## What to produce
Everything from the first line of the data through the line with "Hence, with the mantra of the goddess Tara" is to be echoed exactly, minus the pictures.

(Beginning of Dataset extract)

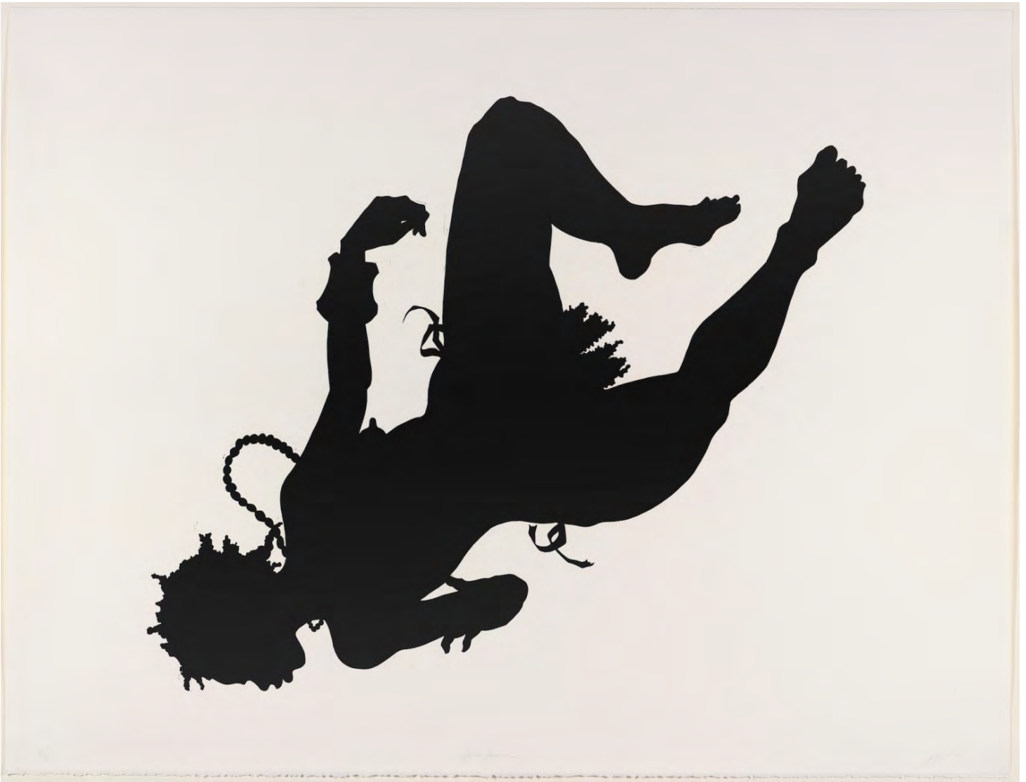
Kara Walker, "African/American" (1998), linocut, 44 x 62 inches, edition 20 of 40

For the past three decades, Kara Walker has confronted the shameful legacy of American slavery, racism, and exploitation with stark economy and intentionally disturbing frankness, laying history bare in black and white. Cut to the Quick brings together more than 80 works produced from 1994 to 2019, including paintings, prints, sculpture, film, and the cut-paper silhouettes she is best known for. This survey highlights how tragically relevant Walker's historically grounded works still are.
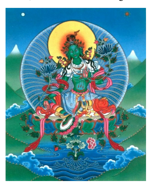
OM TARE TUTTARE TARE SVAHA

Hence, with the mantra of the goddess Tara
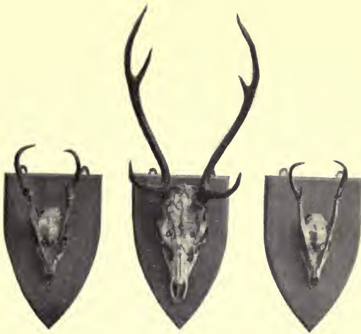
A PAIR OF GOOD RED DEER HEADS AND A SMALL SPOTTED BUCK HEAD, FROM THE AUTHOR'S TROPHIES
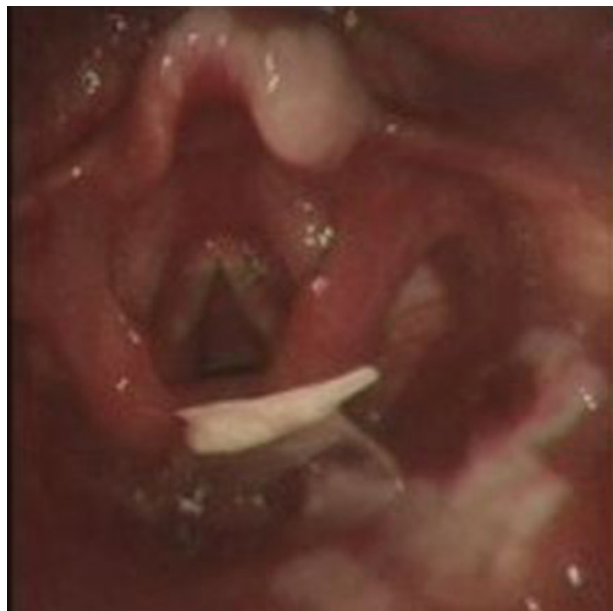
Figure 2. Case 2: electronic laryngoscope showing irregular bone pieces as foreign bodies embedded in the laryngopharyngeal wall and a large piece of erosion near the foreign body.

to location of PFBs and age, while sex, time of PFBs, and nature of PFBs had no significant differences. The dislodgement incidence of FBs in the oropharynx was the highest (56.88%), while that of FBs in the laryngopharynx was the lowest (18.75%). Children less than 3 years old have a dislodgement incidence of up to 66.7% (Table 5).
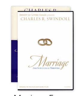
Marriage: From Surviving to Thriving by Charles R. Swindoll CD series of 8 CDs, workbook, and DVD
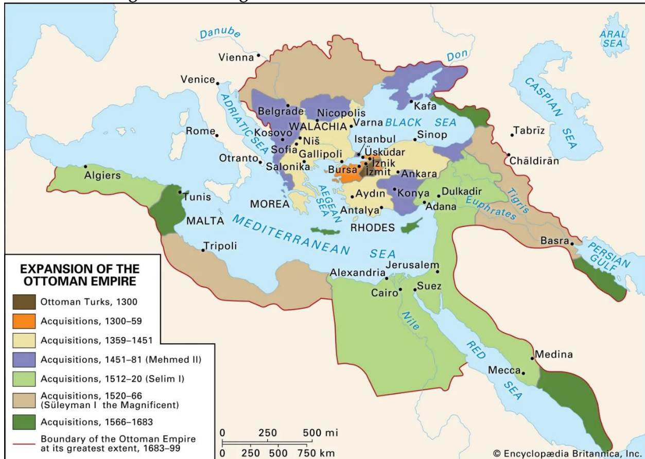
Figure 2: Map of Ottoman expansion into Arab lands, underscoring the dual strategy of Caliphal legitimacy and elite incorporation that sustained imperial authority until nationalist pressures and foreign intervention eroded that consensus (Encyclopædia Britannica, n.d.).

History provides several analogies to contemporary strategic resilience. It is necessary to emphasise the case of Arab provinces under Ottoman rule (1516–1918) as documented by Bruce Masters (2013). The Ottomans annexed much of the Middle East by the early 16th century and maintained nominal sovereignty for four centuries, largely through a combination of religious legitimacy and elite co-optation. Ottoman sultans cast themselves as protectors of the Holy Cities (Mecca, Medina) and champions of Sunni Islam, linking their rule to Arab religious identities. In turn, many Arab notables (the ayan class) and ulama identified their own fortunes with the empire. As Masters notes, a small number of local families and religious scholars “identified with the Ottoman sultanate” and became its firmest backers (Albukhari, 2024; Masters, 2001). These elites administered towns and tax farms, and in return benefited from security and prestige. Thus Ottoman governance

(End of Dataset extract)

## Solution to this exercise
Kara Walker, "African/American" (1998), linocut, 44 x 62 inches, edition 20 of 40

For the past three decades, Kara Walker has confronted the shameful legacy of American slavery, racism, and exploitation with stark economy and intentionally disturbing frankness, laying history bare in black and white. Cut to the Quick brings together more than 80 works produced from 1994 to 2019, including paintings, prints, sculpture, film, and the cut-paper silhouettes she is best known for. This survey highlights how tragically relevant Walker's historically grounded works still are.
OM TARE TUTTARE TARE SVAHA

Hence, with the mantra of the goddess Tara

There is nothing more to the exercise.